Hydrogenaudio Forums > CD-R and Audio Hardware > CD Hardware/Software
Zaskar
Heya guys, I have an old CD rom on my Debian Lenny box, I replaced it with a newer DVD rom from another machine I had, but now when I rip audio tracks, the MD5 sums never match up (using rubyrip currently). Tried it with a CDRW also from another machine and the same result. But when I throw my oldschool Cdrom back in, it can rip audio tracks that match every time. (both the newer drives are Sony models from a few year old Dell)

This is gonna sound dumb, but im outta ideas, do you need to do/change/set anything after replacing a CD/Dvd rom in linux, like maybe it isnt, i dunno, configured right somewhere?

Thanks guys.
shadowking
Put the drive on its own IDE channel and or make it master / enable DMA. Is it a Samsung drive ?
exec
QUOTE(shadowking @ Aug 26 2007, 07:59) *

Is it a Samsung drive ?


Why would this be important?
Hanky
My guess would be that there is a mismatch in your offset settings between the two drives. This leads to a few missing samples at the beginning of each track yielding different md5 hashes.
Zaskar
QUOTE(Hanky @ Aug 26 2007, 03:26) *

My guess would be that there is a mismatch in your offset settings between the two drives. This leads to a few missing samples at the beginning of each track yielding different md5 hashes.

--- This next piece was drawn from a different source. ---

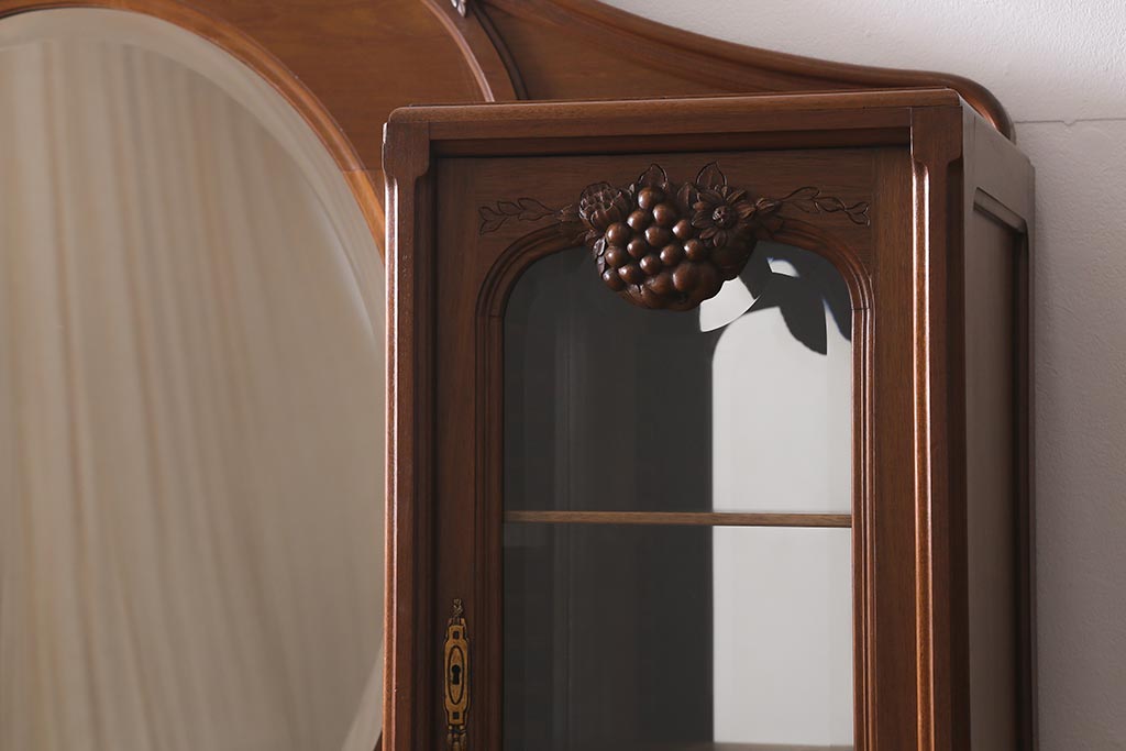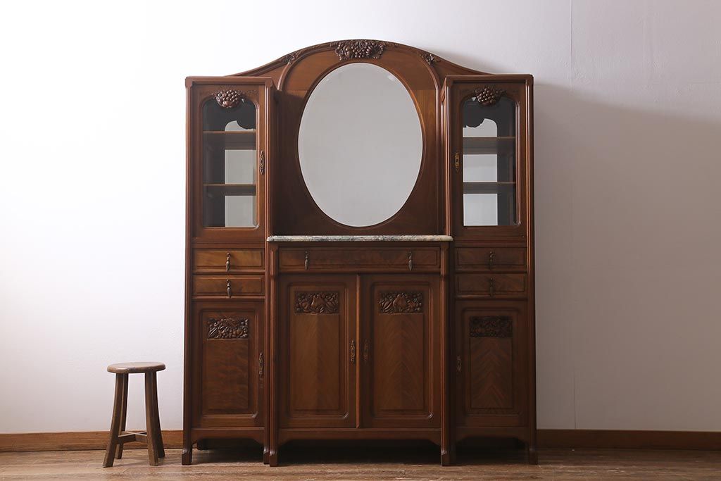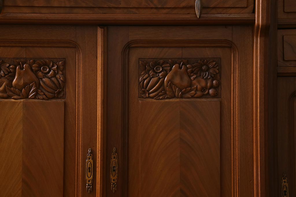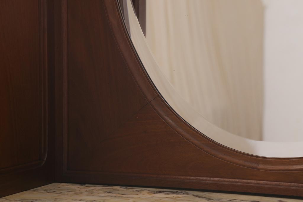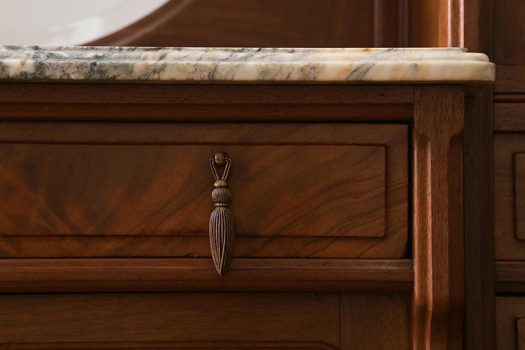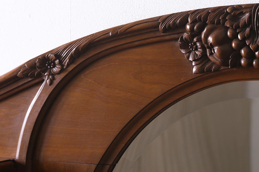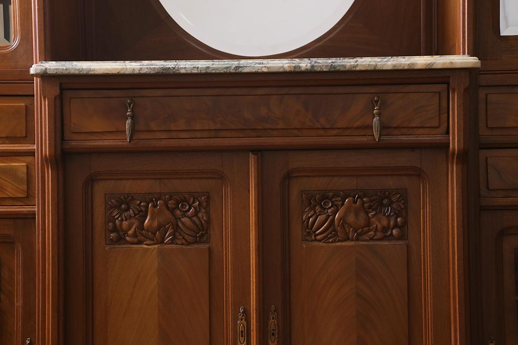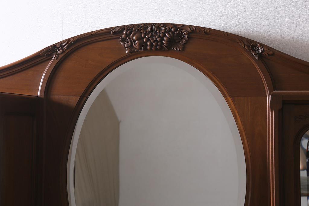 - 正面の大きなミラーや大理石の作業台、果物や花がモチーフの彫刻など、優美で上品なデザインが目を引きます。扉や引き出しの取っ手にも細かな細工が施されており、どこから見ても丁寧なつくりを感じられます。明るいお色味なので、気品あるデザインでありながら生活の中に取り入れやすい温かみも感じられます。

Tested in EAC using Wine, seems that the newer drives report "timing errors" (though at the end say no problems detected)

Its odd though, because these 2 drives are supposed to have a +6 offset, where the old cdrom was supposed to have a -24. but even with them all being set at 0 offset, the results are the same,l the cdrom passes, the 2 newer sony drives do not :/ has different chunk comparison amounts too usually when rubyripper compares.
Zaskar
Ok my bad, this issue was something I should of figured out earlier. The cable I used was the older original non high speed one (you know, just as wide, but bigger strands in about half the amount). Im gonna guess the newer drives read faster then the older cables could handle.